◆ **DATASET EXCERPT**:
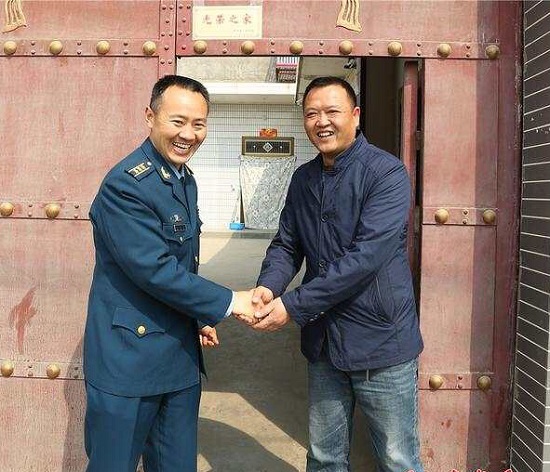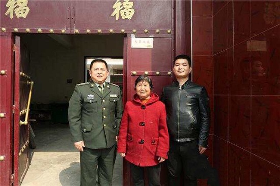 仪式结束后,出席仪式的县级领导上门为现役军人和退役军人现场悬挂光荣牌。(记者 冯英杰 许瑶)
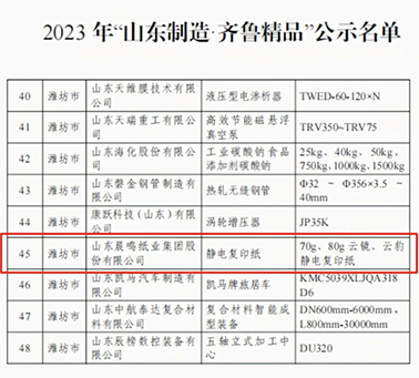 2023年“山東制造·齊魯精品”評選活動由省工業和信息化廳聯合山東廣播電視臺、省質量管理協會組織開展,經企業自愿申報、有關部門推薦、專家論證等程序評選,確定了包括山東晨鳴紙業集團股份有限公司“70g、80g云鏡、云豹靜電復印紙”在內的全省123項產品為2023年“山東制造·齊魯精品”。
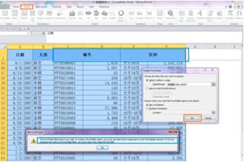 如下圖,在插入—-數據透視表時,EXCEL提示“數據透視表字段名無效。在創建透視表時,必須使用組合為帶有標志列列表的數據”。

◆ **ASSIGNMENT**: Repeat the data word for word. Skip the pictures.

◆ **SOLVED EXERCISE**:
 仪式结束后,出席仪式的县级领导上门为现役军人和退役军人现场悬挂光荣牌。(记者 冯英杰 许瑶)
 2023年“山東制造·齊魯精品”評選活動由省工業和信息化廳聯合山東廣播電視臺、省質量管理協會組織開展,經企業自愿申報、有關部門推薦、專家論證等程序評選,確定了包括山東晨鳴紙業集團股份有限公司“70g、80g云鏡、云豹靜電復印紙”在內的全省123項產品為2023年“山東制造·齊魯精品”。
 如下圖,在插入—-數據透視表時,EXCEL提示“數據透視表字段名無效。在創建透視表時,必須使用組合為帶有標志列列表的數據”。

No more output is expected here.